In this recipe, you are going to continuously read CSV-formatted files from a folder and transform this data into your data model.
This recipe for Apache Flink is a self-contained recipe that you can directly copy and run from your favorite editor. There is no need to download Apache Flink or Apache Kafka.
The recipe will generate one or more comma-separated values (CSV) files in a temporary directory. The files are encoded in UTF-8.
1,Shadowfax,Sauerfort
2,Quickbeam,Tremblayside
3,Galadriel,Latriciamouth
4,Denethor,Koeppshire
5,Théoden,Larsonland
6,Tom Bombadil,Hegmannton
7,Barliman Butterbur,Madelinechester
You want to consume these records in your Apache Flink application and make them available in the data model.
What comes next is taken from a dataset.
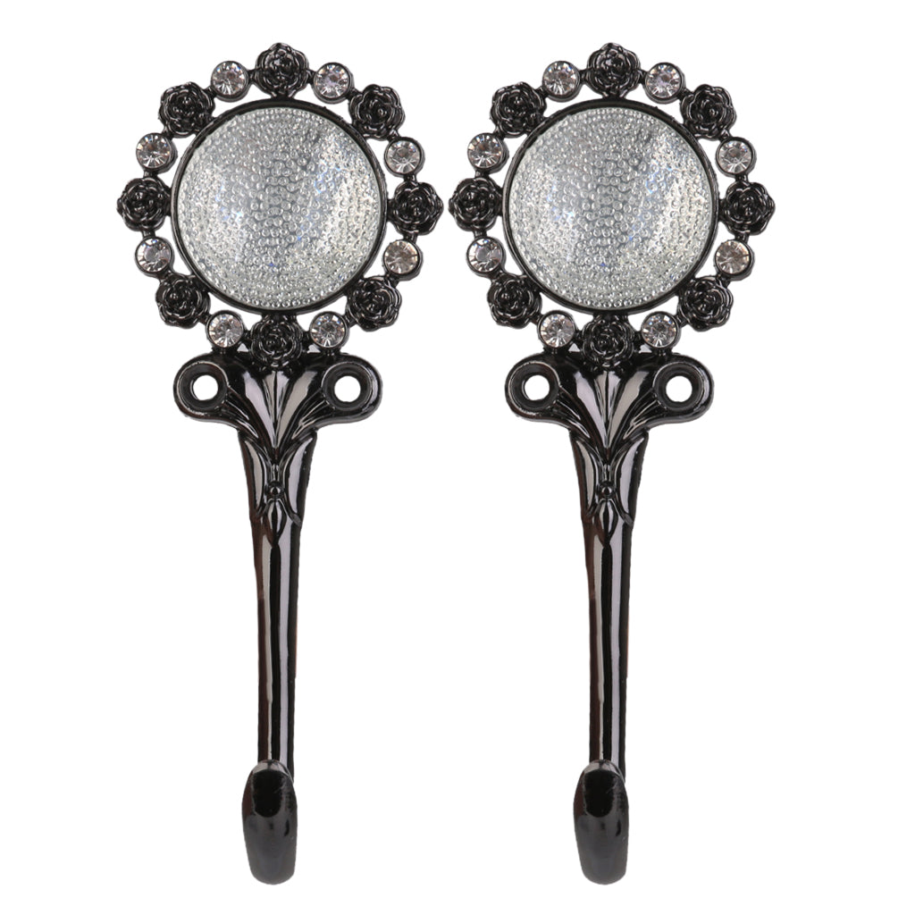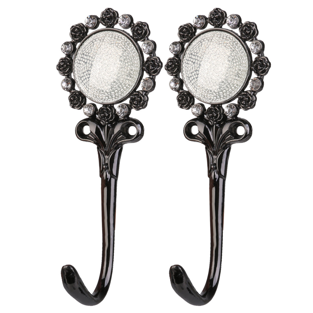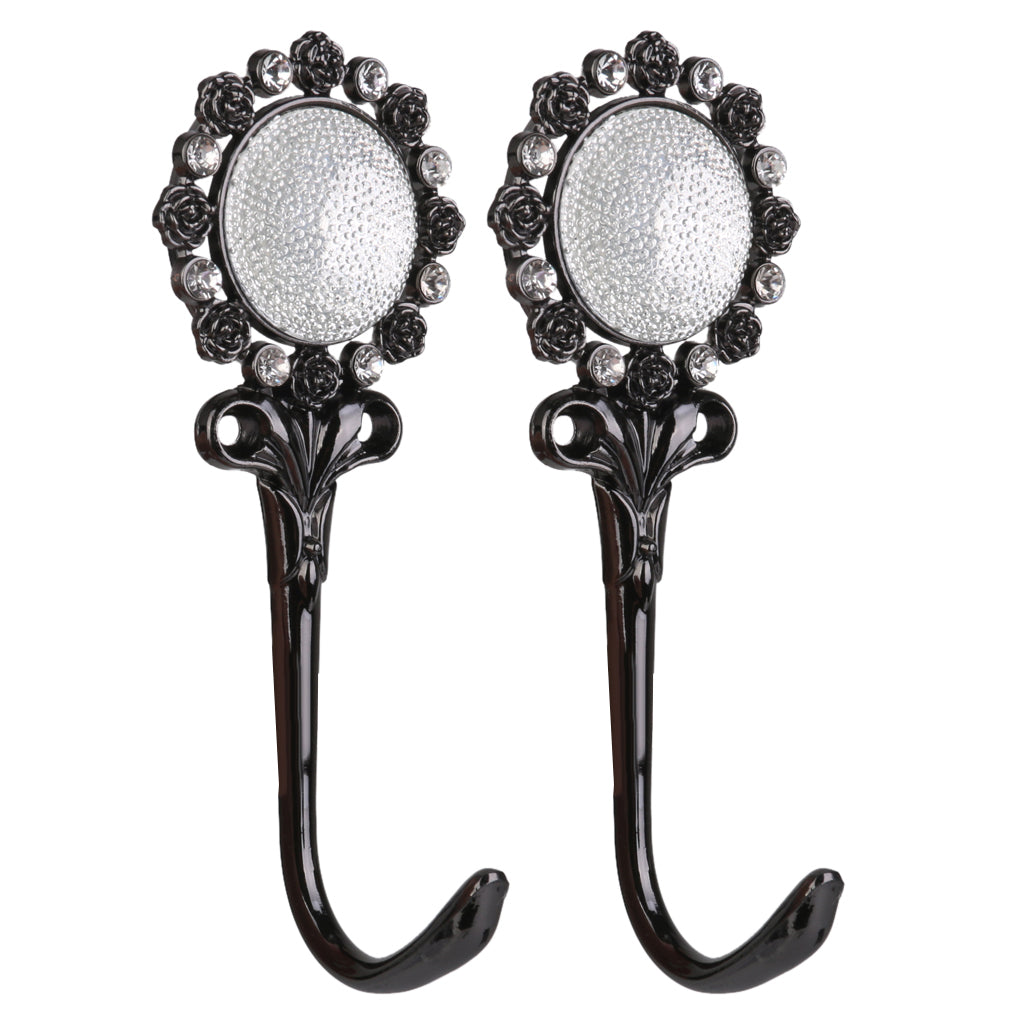 Faux Diamond Curtain Drapery Tiebacks Door Wall Tassel Hooks 2pcs Black

The data model is defined in the following POJO:
@JsonPropertyOrder({"id", "character", "location"})
public class Event {
/** A Flink POJO must have public fields, or getters and setters */
public long id;
public String character;
public String location;
You have to explicitly define the order of fields using the @JsonPropertyOrder
annotation.
You are using the Apache
Flink FileSource
connector in the application to connect to your local file system. You can use
Flink's pluggable file systems
to connect to other file systems, such as S3.
You can specify a location by providing the argument --inputFolder
.
public static void main(String[] args) throws Exception {
final ParameterTool parameters = ParameterTool.fromArgs(args);
Path inputFolder = new Path(parameters.getRequired("inputFolder"));
runJob(inputFolder);
}
Then you configure
the CsvReaderFormat
to use the defined POJO to parse the CSV files.
CsvReaderFormat<Event> csvFormat = CsvReaderFormat.forPojo(Event.class);
To complete the setup you configure the FileSource
connector with the defined csvFormat
and the directory that
you want to monitor. You configure the connector to monitor the directory every 5 seconds for any new files.
Because you are monitoring this directory continuously, the connector is set to streaming (unbounded) mode.
FileSource<Event> source =
FileSource.forRecordStreamFormat(csvFormat, dataDirectory)
.monitorContinuously(Duration.of(5, SECONDS))
.build();
final DataStreamSource<Event> file =
env.fromSource(source, WatermarkStrategy.noWatermarks(), "File");
This recipe is self-contained. You can run the ContinuousFileReadingTest#testProductionJob
class to see the full recipe
in action. The test generates csv files into a temporary directory and will output the data to the console.
You can run it directly via Maven or in your favorite editor such as IntelliJ IDEA or Visual Studio Code.
See the comments included in the code for more details.